In the book I can't find the value of es(r=infinite) so I just assumed that it didn't change.

4. Dec 9, 2016

### haruspex

Well, it must change, but I don't understand this equation:
Where did you get that from? It looks extremely unlikely to me. As r tends to infinity, the factor on the right after the asterisk should tend to 1.

5. Dec 9, 2016

### Frank Einstein

Is the equation 6.1 from the book A Short Course in Cloud Physics. It is in page 84. If you wish, you can find it here:
https://es.scribd.com/doc/293198948/A-Short-Course-in-Cloud-Physics-pdf

6. Dec 9, 2016

7. Dec 9, 2016

8. Dec 9, 2016

### haruspex

Last edited by a moderator: May 8, 2017
9. Dec 9, 2016

### Frank Einstein

I'm sorry. I didn't realize. I posted it in a hurry and I didn't realize. I apollogize for the inconvenience I have caused you.

But still I have the same problem that I started with.
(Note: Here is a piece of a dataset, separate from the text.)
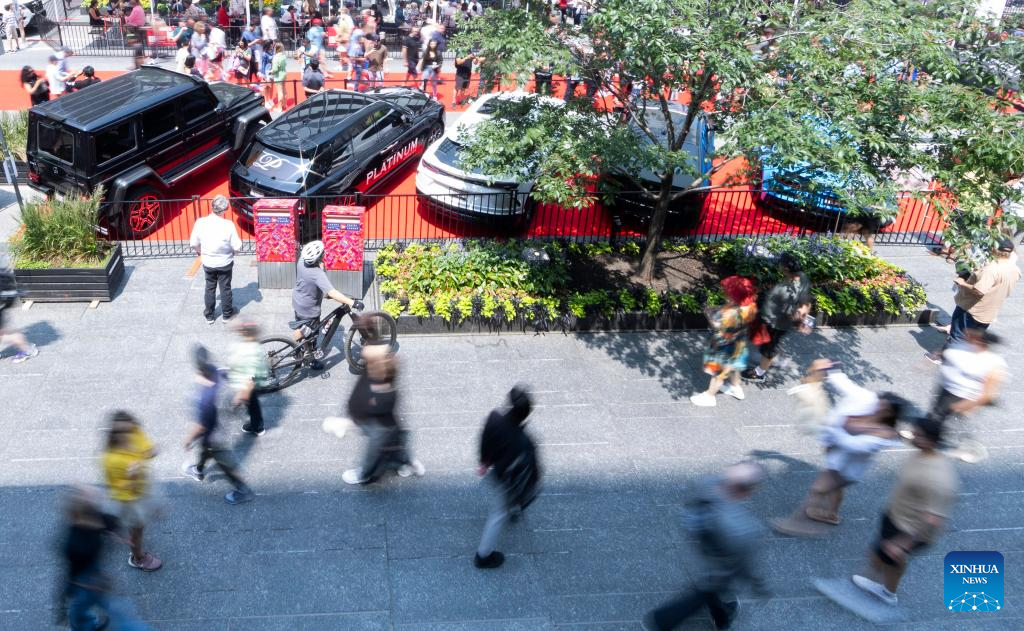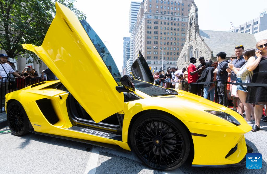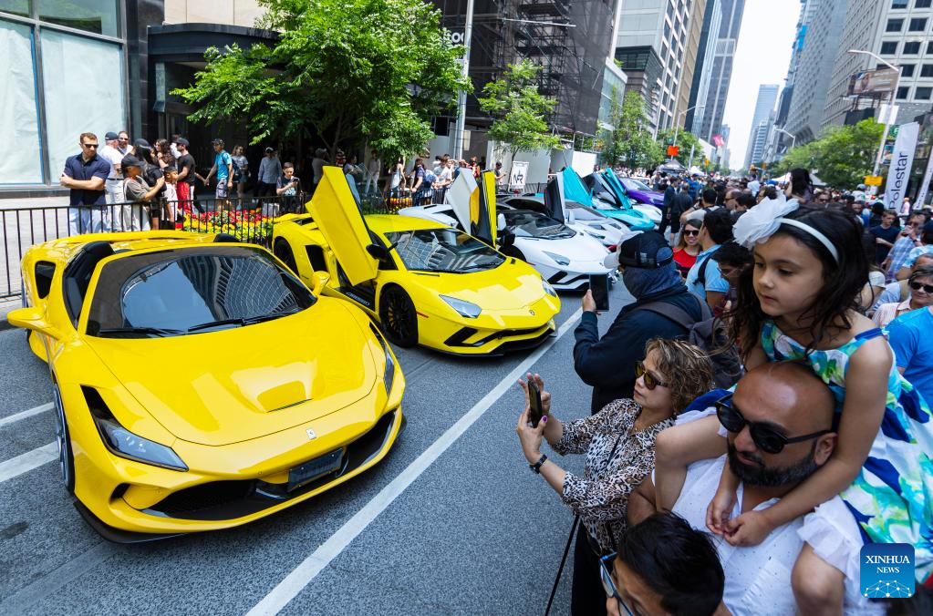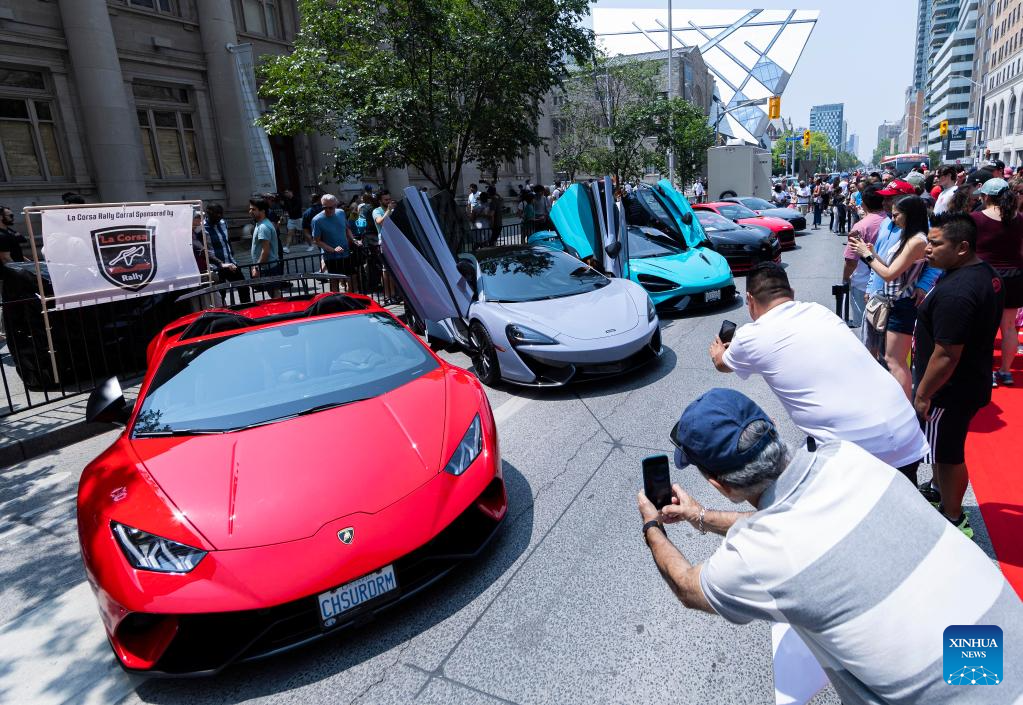 People visit the 2023 Yorkville Exotic Car Show in Toronto, Canada, on June 18, 2023. The annual event was held here on Sunday to celebrate Father's Day with about 100 cars on display. (Photo by Zou Zheng/Xinhua)

In the attempted solution, I derivate the propper expression and I don't find the anwser I seek.

Then If I have understood you correctly, I have to seek the expression of es(r=infinite) and try to add it to the derivate to try to obtain the expression of the crytical radius?

10. Dec 9, 2016

### haruspex

You would have to apply the product rule.
I tried working backwards from the thing to be proved and arrived at $e_s(\infty)=Ae^{-\frac L{R_vT}}$ for some constant A. I must say the curves I've seen for svp do not look much like that.

Edit: but it seems like it might follow by combining Clausius-Clapeyron with PV=nRT.
In the C-C equation, I guess you can take Δv as the V of the gas, since the liquid phase has almost no volume in comparison.

Last edited: Dec 9, 2016
11. Dec 10, 2016

### Frank Einstein

After some more thoght I think I can use Classius Clapeyro equation to solve this problem.

Thak you very much for the help

12. Dec 10, 2016

### haruspex

You are welcome.
I wrote earlier that the shape of y=e-1/x seemed wrong for the svp curve, but later I looked more carefully and realised it looks right in the small x region. The larger x regions are probably beyond the range of interest for engineers, so do not appear in published svp curves.
It is quite an interesting curve. Zero gradient at the origin, curving swiftly upwards, in a roughly circular arc, through a point of inflection, then levelling off to a horizontal asymptote.